#### EXERCISE BRIEF
Go through the data below and copy it exactly, skipping every picture.

------------

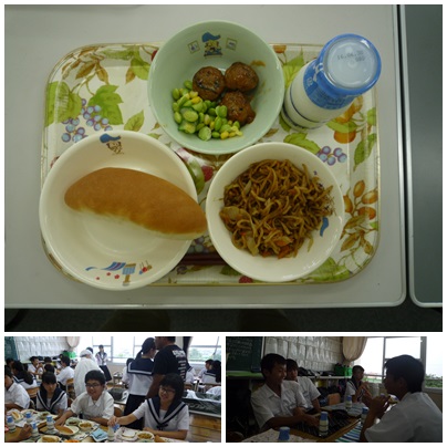 今日の献立は、ミニロールパン、牛乳、焼きそば、豆腐だんご、枝豆サラダでした。
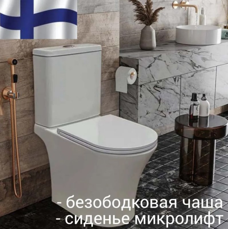 В комплекте: чаша, бачок, сливная арматура, сиденье с крышкой микролифт, набор креплений к полу. |
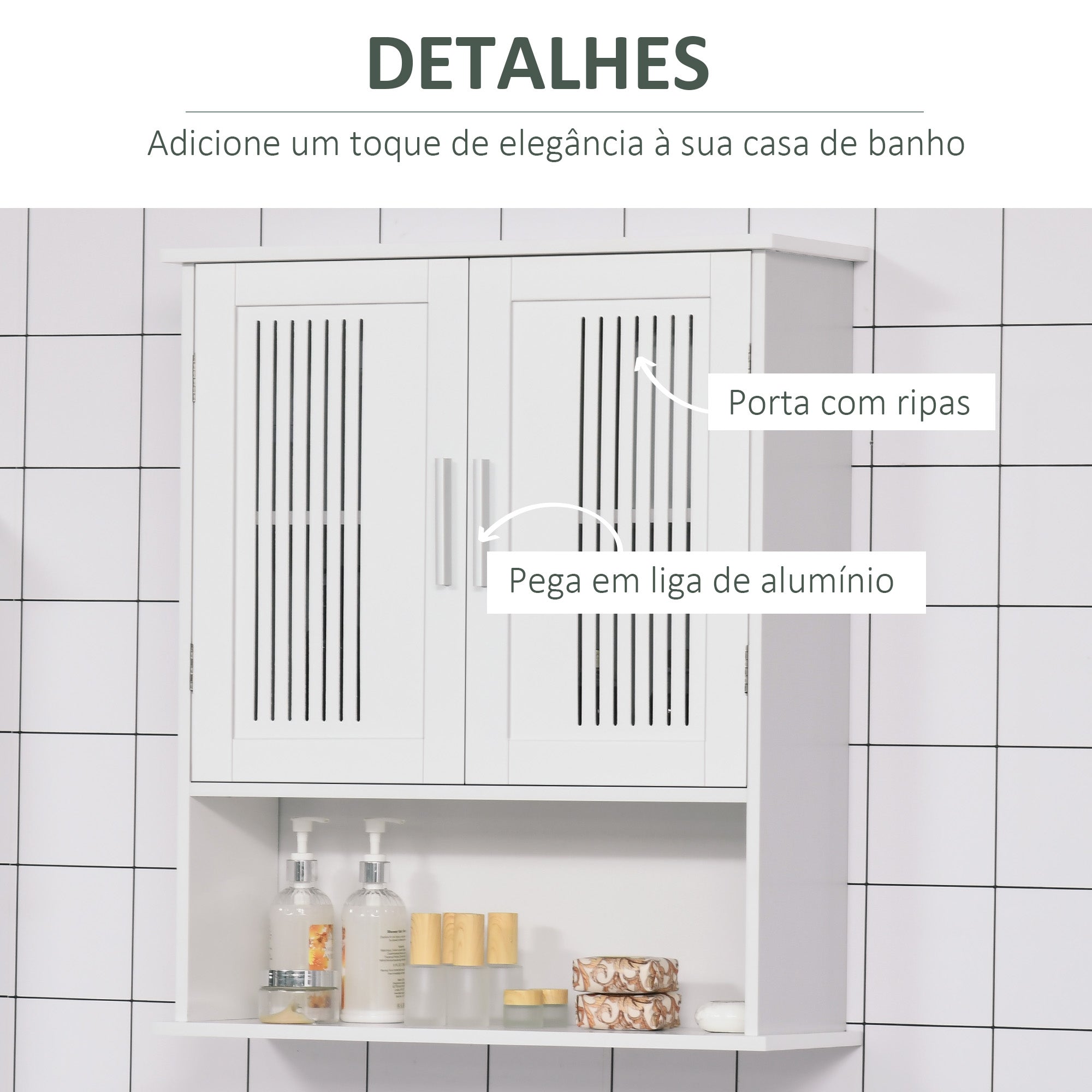 Armário de Parede para Casa de Banho Móvel Casa de Banho de Parede com Armazenamento 2 Portas em Ripas Prateleira Ajustável e Compartimento 60x20x70 cm Branco
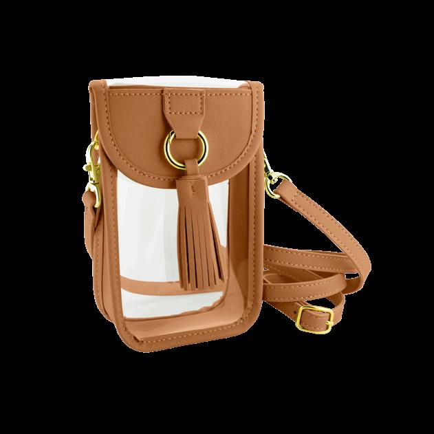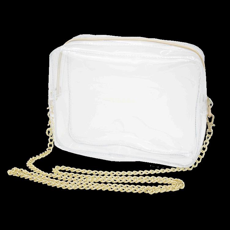Create a look of iconic style with our all clear Camera Crossbody. Our stadium compliant crossbody features a clear PVC body with gold hardware accents and a beautifully timeless accent chain. The main zippered compartment offers secure storage for your personal items. Pairs perfectly with our interchangable straps for added style.
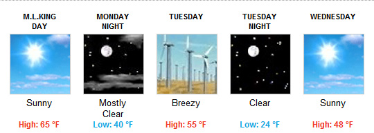- Wednesday: Sunny, with a high near 48. North wind around 5 mph becoming southwest in the afternoon.
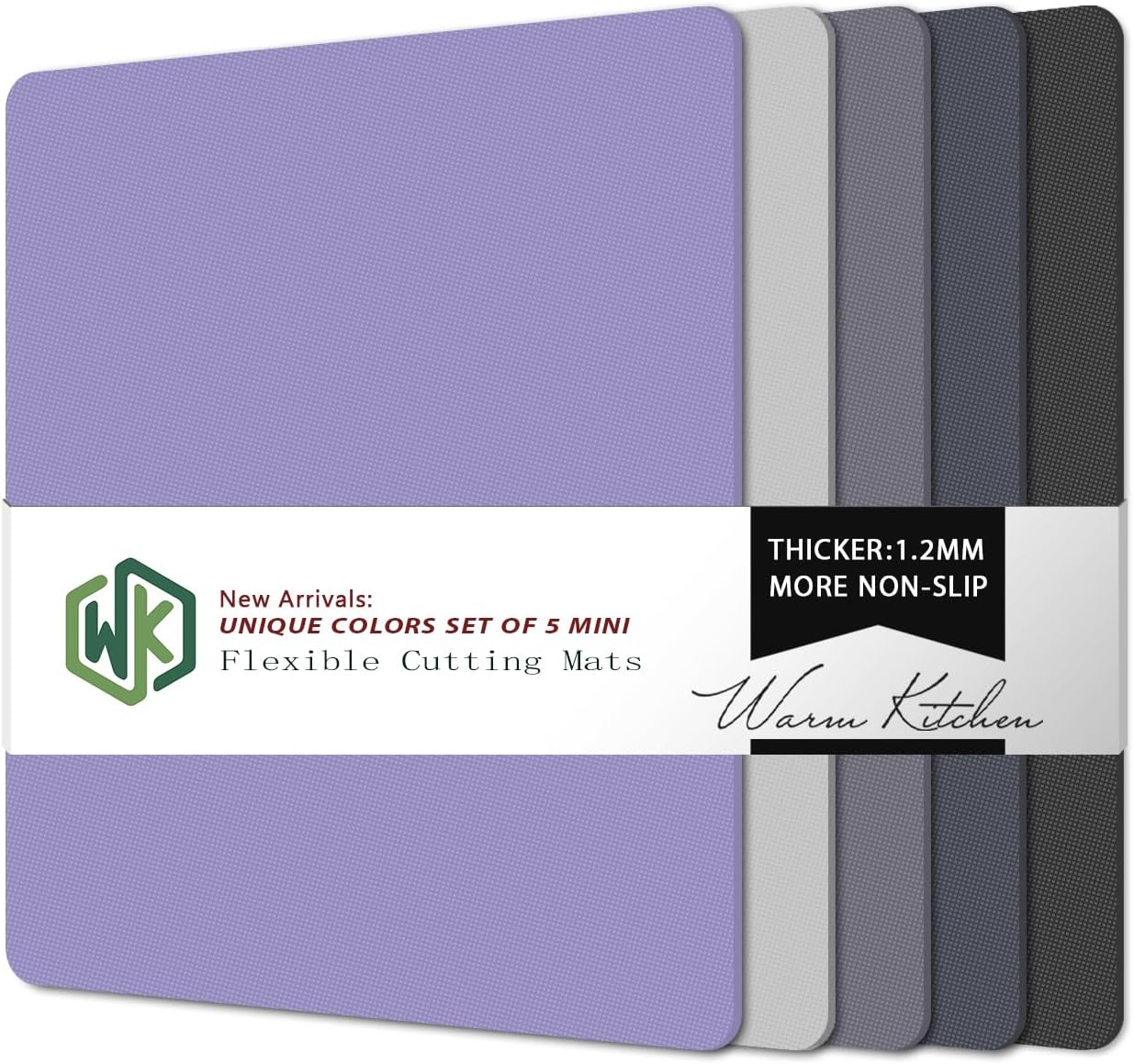 WK Small Flexible Plastic Cutting Boards for Kitchen Set of 5, Non Slip Cutting Mats for Meat, Mini Cutting Board Mats, BPA Free, Dishwasher Safe, 7.3x11.5"

------------

#### RESULT OF THE EXERCISE
 今日の献立は、ミニロールパン、牛乳、焼きそば、豆腐だんご、枝豆サラダでした。
 В комплекте: чаша, бачок, сливная арматура, сиденье с крышкой микролифт, набор креплений к полу. |
 Armário de Parede para Casa de Banho Móvel Casa de Banho de Parede com Armazenamento 2 Portas em Ripas Prateleira Ajustável e Compartimento 60x20x70 cm Branco
Create a look of iconic style with our all clear Camera Crossbody. Our stadium compliant crossbody features a clear PVC body with gold hardware accents and a beautifully timeless accent chain. The main zippered compartment offers secure storage for your personal items. Pairs perfectly with our interchangable straps for added style.
- Wednesday: Sunny, with a high near 48. North wind around 5 mph becoming southwest in the afternoon.
 WK Small Flexible Plastic Cutting Boards for Kitchen Set of 5, Non Slip Cutting Mats for Meat, Mini Cutting Board Mats, BPA Free, Dishwasher Safe, 7.3x11.5"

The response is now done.